T. Rowe Price’s target-date retirement funds for 2015, 2020, 2025 and 2030 were recognized at the 2018 U.S. Thomson Reuters Lipper Fund Awards on Tuesday for their performance over three, five or 10 years. Two of the funds received trophies for their performance in every one of those time periods.
“We have been reducing the risk profile in our portfolios,” Shriver told Reuters.
The near-decade-long bull market in U.S. stocks has beefed up the average investor’s stock holdings, he said, and it may make sense for some investors to decrease their risk. Stocks are still expensive relative to their long-run records, according to Shriver.
It may be a tough message to swallow for investors smarting from fixed-income losses. The average “core” bond fund posted a 1.9 percent decline this year, through Feb. 23, according to Thomson Reuters’ Lipper research unit.
Investors are concerned that the U.S. Federal Reserve could be forced to raise rates more quickly than anticipated to prevent the economy overheating. Those fears have helped lift bond yields, pushing prices down. Benchmark 10-year Treasury notes US10YT=RR traded as high as 2.957 percent this year, from a low of 2.016 percent in 2017.
Billionaire Warren Buffett on Saturday warned that high-grade bonds can increase the risk of an investment portfolio as inflation eats away at the return.
Bonds will nonetheless retain their “role as a diversifier,” Shriver said. Bond prices tend not to move in the same direction of stocks over time, a divergence that helps investors stay invested and which Shriver expects to continue.
Target-date funds, including those managed by T. Rowe Price, hold both stocks and bonds, with the proportion of debt instruments typically increasing as an investor nears retirement.

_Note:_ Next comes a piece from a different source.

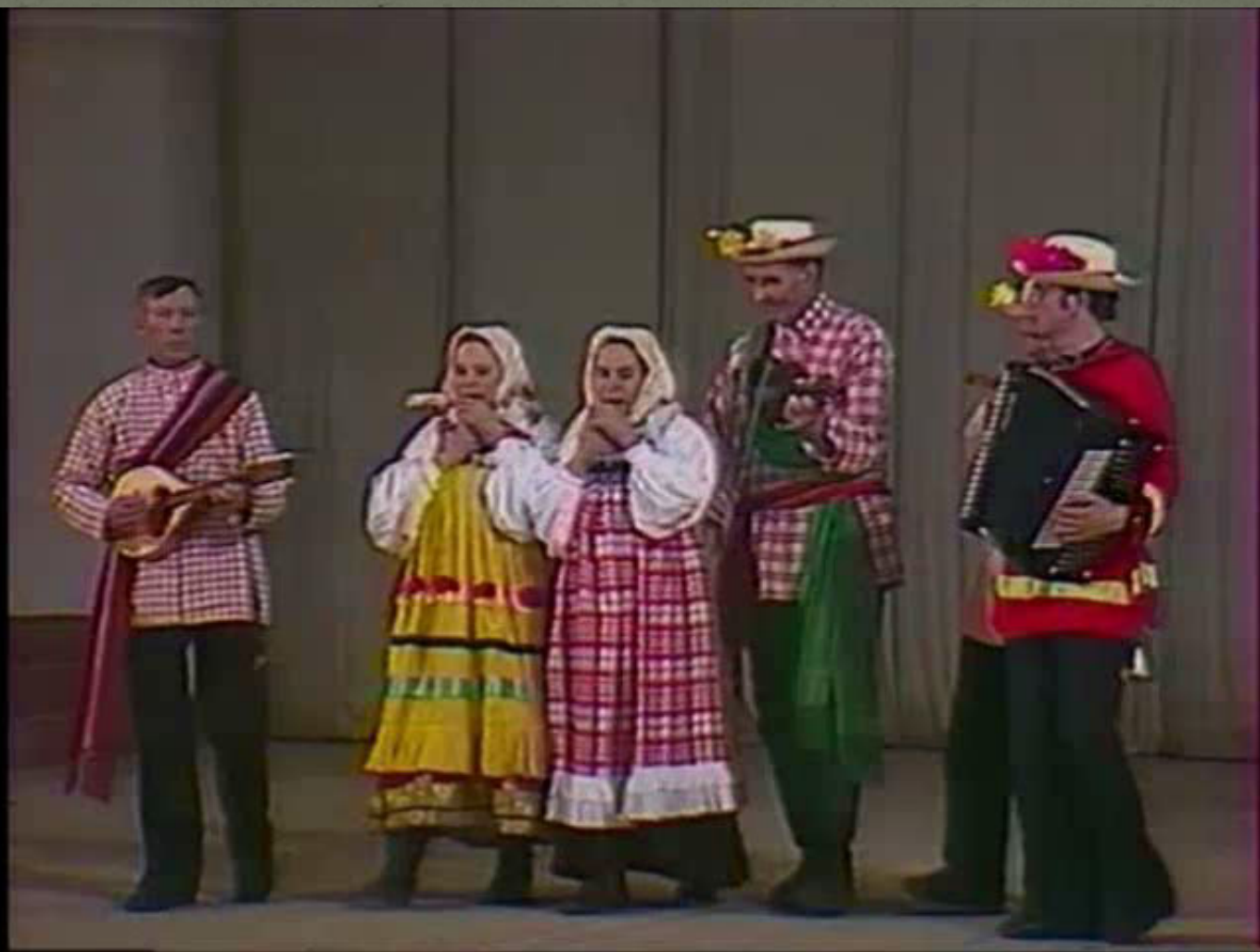
«Timonya» - karagod of the Kursk region
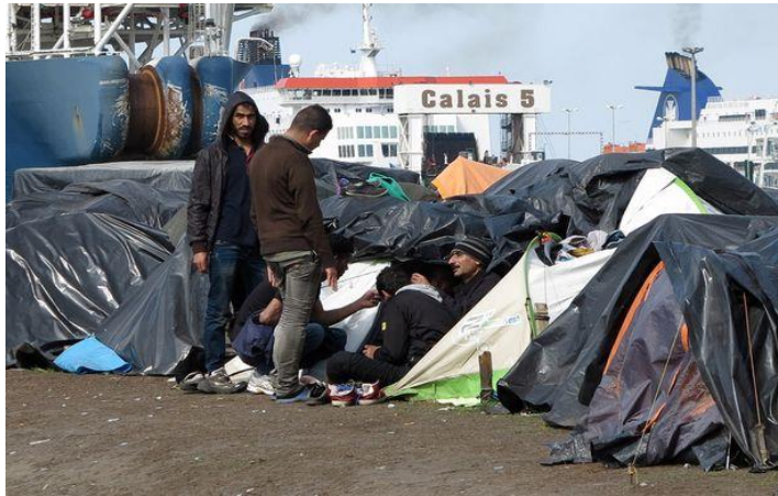
Men wait for the opportunity to stow away on a lorry

With bond yields rising, so too is the reward for sitting in short-term bonds and cash.
“You are getting compensated for liquidity,” said Shriver.
He said T. Rowe Price also sees relative bargains in Europe and Japan’s stock markets. The asset manager has also been increasing its allocation to small-capitalization stocks, which Shriver said could benefit from U.S. corporate tax cuts.